◆ Task brief: Below are records; print only the lines from the line containing "把肉馅儿包进竹笋里。金秀瑶族自治县融媒体中心供图" to the end, both included, reproduced exactly and without the pictures.
[[ Data extracts, beginning ]]
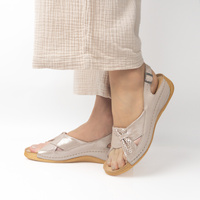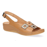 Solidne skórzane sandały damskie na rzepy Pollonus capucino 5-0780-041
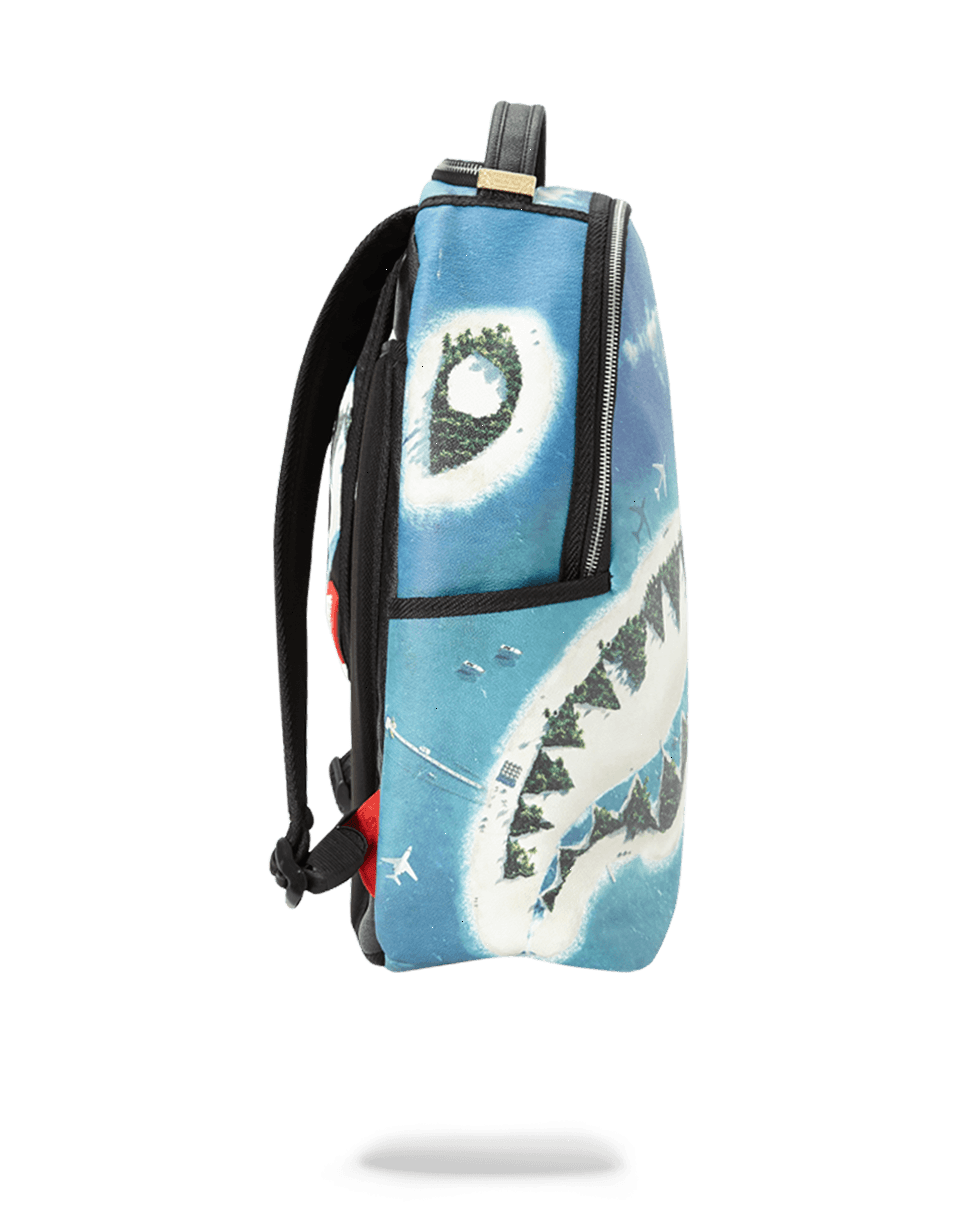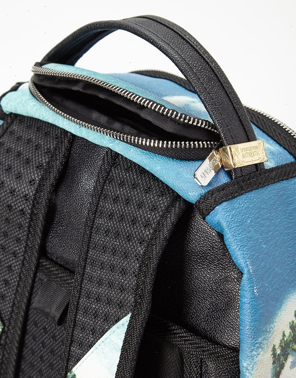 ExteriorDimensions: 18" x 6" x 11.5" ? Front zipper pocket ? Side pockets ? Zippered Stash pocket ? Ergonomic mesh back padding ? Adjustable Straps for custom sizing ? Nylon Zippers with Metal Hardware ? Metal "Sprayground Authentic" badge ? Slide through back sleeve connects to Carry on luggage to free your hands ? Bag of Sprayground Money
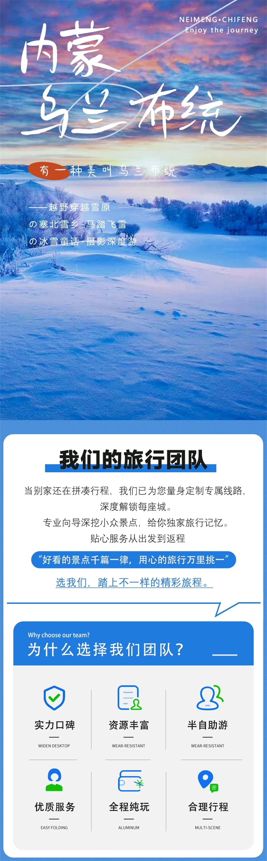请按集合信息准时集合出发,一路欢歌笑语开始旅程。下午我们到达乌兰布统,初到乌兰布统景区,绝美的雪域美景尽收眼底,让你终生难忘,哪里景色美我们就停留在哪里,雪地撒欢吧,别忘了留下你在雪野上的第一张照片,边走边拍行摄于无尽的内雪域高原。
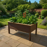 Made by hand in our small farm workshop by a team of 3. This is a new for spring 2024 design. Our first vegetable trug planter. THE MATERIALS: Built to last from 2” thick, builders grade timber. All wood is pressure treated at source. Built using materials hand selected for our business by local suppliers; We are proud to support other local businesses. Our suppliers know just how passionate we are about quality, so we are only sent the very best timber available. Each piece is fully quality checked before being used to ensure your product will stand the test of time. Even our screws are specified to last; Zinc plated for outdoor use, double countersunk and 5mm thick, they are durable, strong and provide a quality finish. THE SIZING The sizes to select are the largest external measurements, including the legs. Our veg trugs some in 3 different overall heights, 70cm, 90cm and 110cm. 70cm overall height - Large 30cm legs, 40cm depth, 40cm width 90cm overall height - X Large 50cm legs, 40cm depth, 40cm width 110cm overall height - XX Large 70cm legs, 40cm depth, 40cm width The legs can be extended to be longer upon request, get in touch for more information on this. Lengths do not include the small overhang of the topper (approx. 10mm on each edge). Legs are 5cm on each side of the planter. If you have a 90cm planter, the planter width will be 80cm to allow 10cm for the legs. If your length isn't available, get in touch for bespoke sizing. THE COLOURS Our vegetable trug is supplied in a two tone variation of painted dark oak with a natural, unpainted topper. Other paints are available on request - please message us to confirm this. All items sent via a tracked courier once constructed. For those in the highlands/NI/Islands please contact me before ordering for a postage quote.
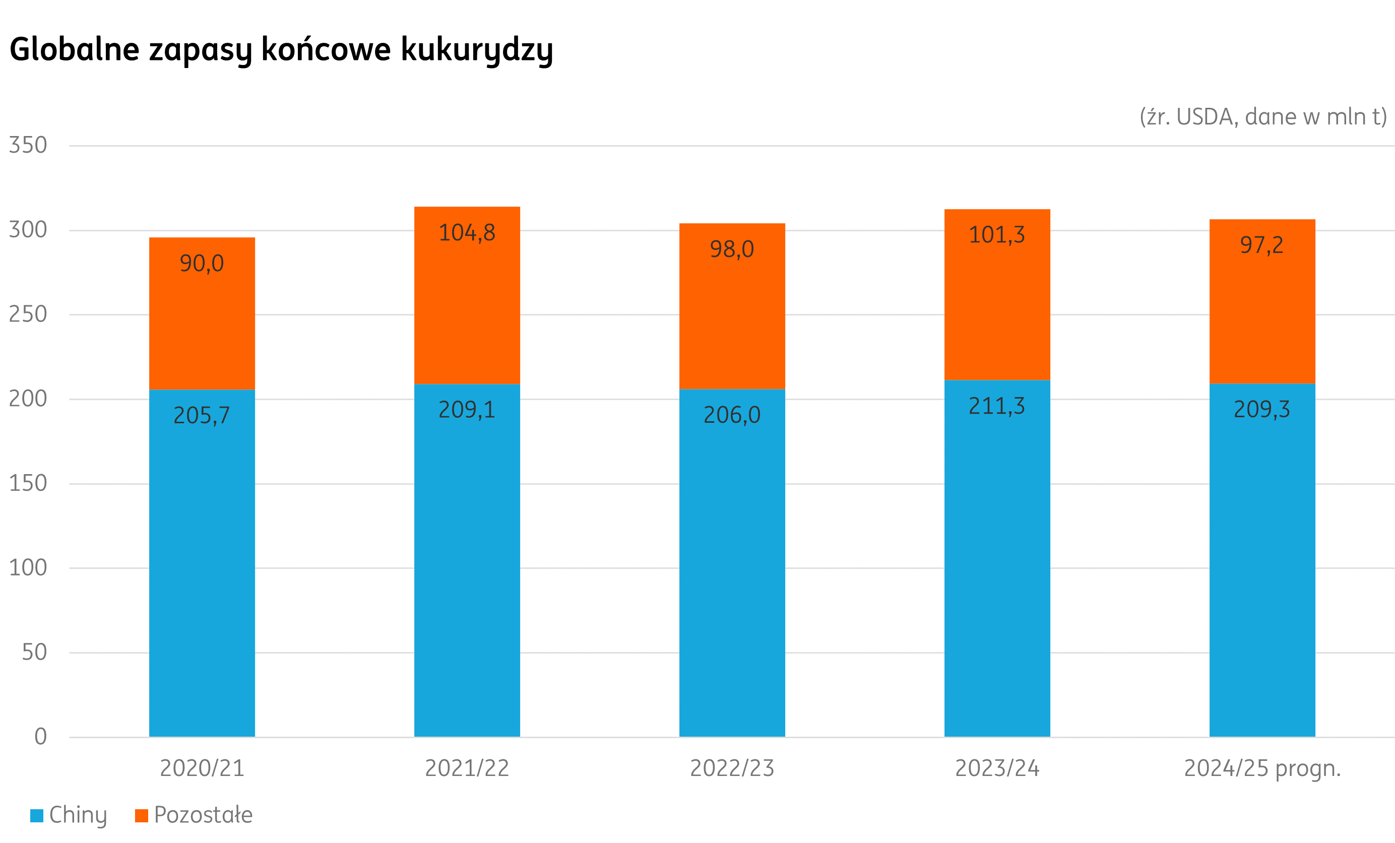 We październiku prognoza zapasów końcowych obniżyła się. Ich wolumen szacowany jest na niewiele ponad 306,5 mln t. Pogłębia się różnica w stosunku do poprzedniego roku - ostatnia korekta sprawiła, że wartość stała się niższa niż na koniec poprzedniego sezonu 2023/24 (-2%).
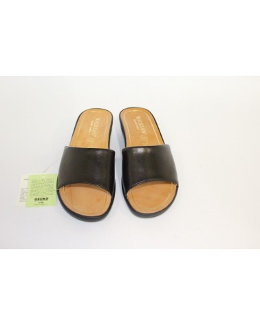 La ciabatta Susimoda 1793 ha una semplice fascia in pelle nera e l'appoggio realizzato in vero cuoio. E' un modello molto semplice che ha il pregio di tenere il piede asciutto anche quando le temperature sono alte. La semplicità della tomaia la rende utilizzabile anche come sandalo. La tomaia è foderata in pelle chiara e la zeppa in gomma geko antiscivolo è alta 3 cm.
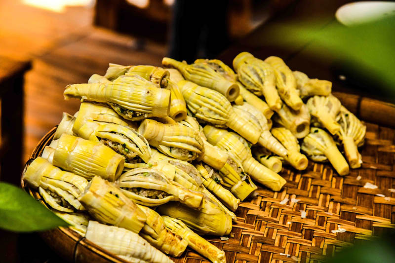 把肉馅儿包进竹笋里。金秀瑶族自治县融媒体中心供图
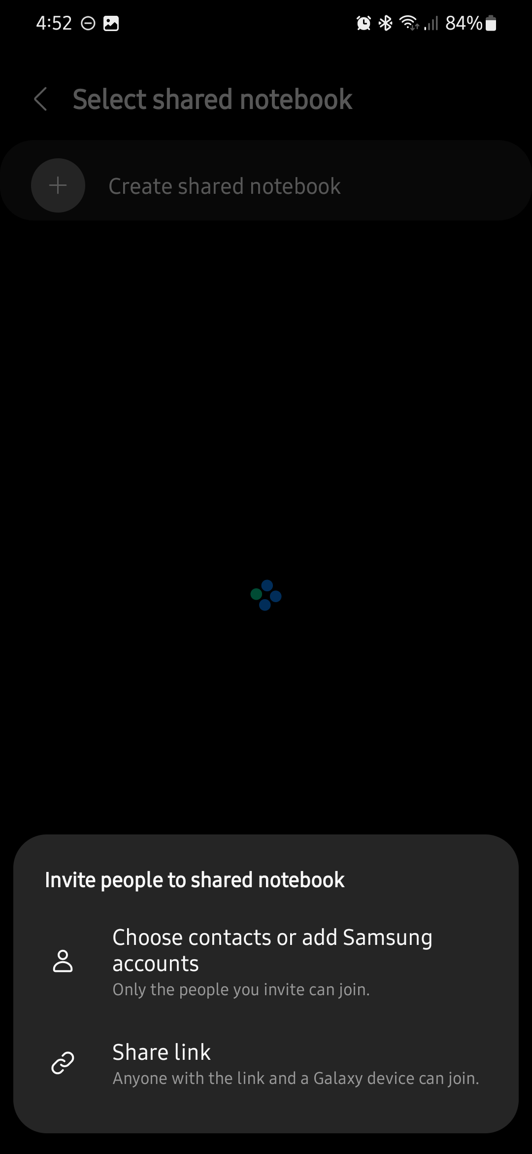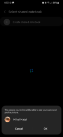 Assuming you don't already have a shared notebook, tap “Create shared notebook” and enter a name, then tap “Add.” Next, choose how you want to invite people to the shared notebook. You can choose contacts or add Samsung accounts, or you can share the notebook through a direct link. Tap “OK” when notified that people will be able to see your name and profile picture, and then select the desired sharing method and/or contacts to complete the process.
[[ Data extracts, end ]]
◆ Answer to this exercise:
 把肉馅儿包进竹笋里。金秀瑶族自治县融媒体中心供图
 Assuming you don't already have a shared notebook, tap “Create shared notebook” and enter a name, then tap “Add.” Next, choose how you want to invite people to the shared notebook. You can choose contacts or add Samsung accounts, or you can share the notebook through a direct link. Tap “OK” when notified that people will be able to see your name and profile picture, and then select the desired sharing method and/or contacts to complete the process.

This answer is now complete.